Was it my fault? Should I have gone with him? Would it really have been the worst thing in the world if I had died with him? Is it that wrong to want to be with him even now? I dream of him sometimes and he's always happy, always telling me not to worry, to move on with my life and to fall in love again… Again? I wonder if that means he knew I was in love with him, or if it's just screwed up wishful thinking on my part. Screwed up in the head is right. I can't move on, and even if I could would I really want to? Am I really ready to forget about him and move on?

Days turn into nights, sleep turns into dreams and dreams turn into another day, another month goes by. What dreams never seemed to turn into was reality.

# Who wants to live forever? Who wants to live forever? Who?

Forever is our today, who waits forever anyway? #

Would it be so wrong to find someone new? To take a chance once in a while and have… Courage? But then he'd be in the same situation as before, wanting to make a move, pour out his bleeding heart and take a risk. Or just stand, paralyzed by fear as something wonderful moved away from him forever. Once again he would blow a great chance for happiness because of his own stupid fears.

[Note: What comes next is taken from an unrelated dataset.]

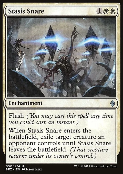 Flash (You may cast this spell any time you could cast an instant.) When Stasis Snare enters the battlefield, exile target creature an opponent controls until Stasis Snare leaves the battlefield. (That creature returns under its owner's control.)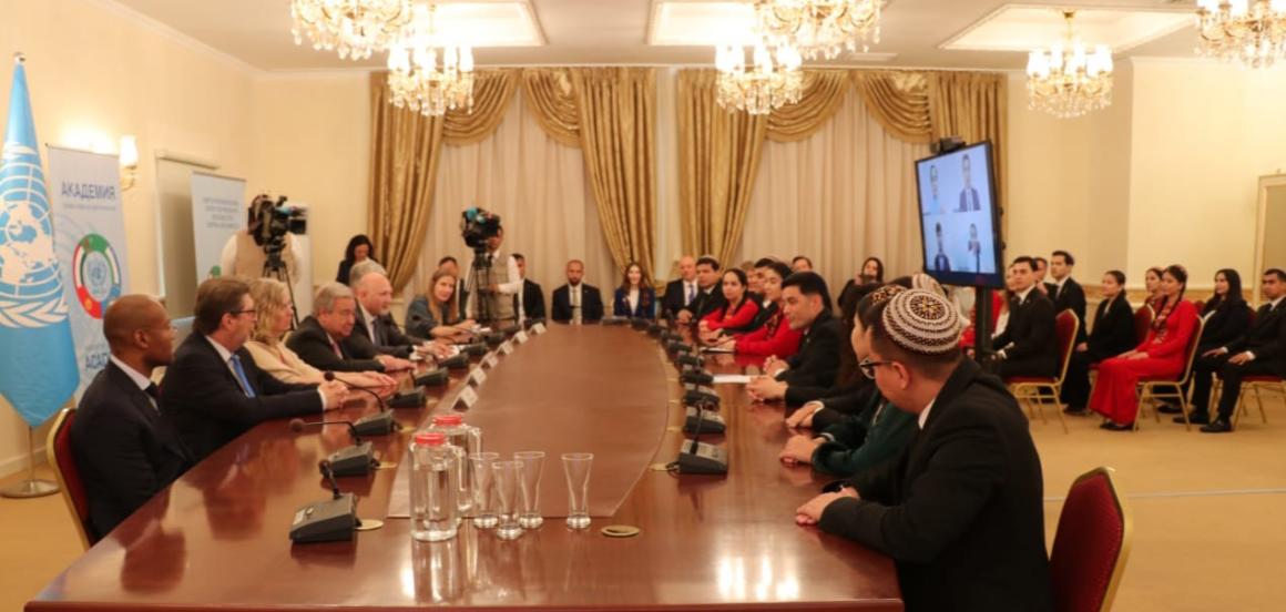 The UN Secretary-General also met with the students of the Preventive Diplomacy Academy, UNRCCA's initiative, aimed at enhancing the role and engagement of the youth from Central Asia and Afghanistan in preventive diplomacy efforts. While sharing their vision on the regional developments and challenges, young people highlighted the importance of the PDA in promoting youth leadership and cooperation among youth across the region.

You live and learn, or at least you live, but I can't seem to learn my lessons. What would TK think if he saw me now, he'd laugh at me I suppose for being such a coward. And then I'd feel alright again because he could always make me feel alright. Now, short of the unthinkable there's no way I can ever have that back again… At least not with TK…

Years turn into forever, forever alone seems like longer, but forever doesn't last. Forever shatters and you have to pick up the pieces one by one, taking each minute one at a time. Minutes turn into hours and it goes on… It doesn't stop hurting, some scars never heal but you have to carry on. There's just nothing else to do, because you can't hurt forever, there isn't a forever anyway. If there was, he wouldn't have said goodbye.

If we could have forever I'd take it like a shot, whatever the price I'd be happy to pay it. But it doesn't even have to be forever, even the briefest of minutes to tell him how I felt would do for me. Because if there's one thing I know it's that even minutes can seem like forever with or without someone you love.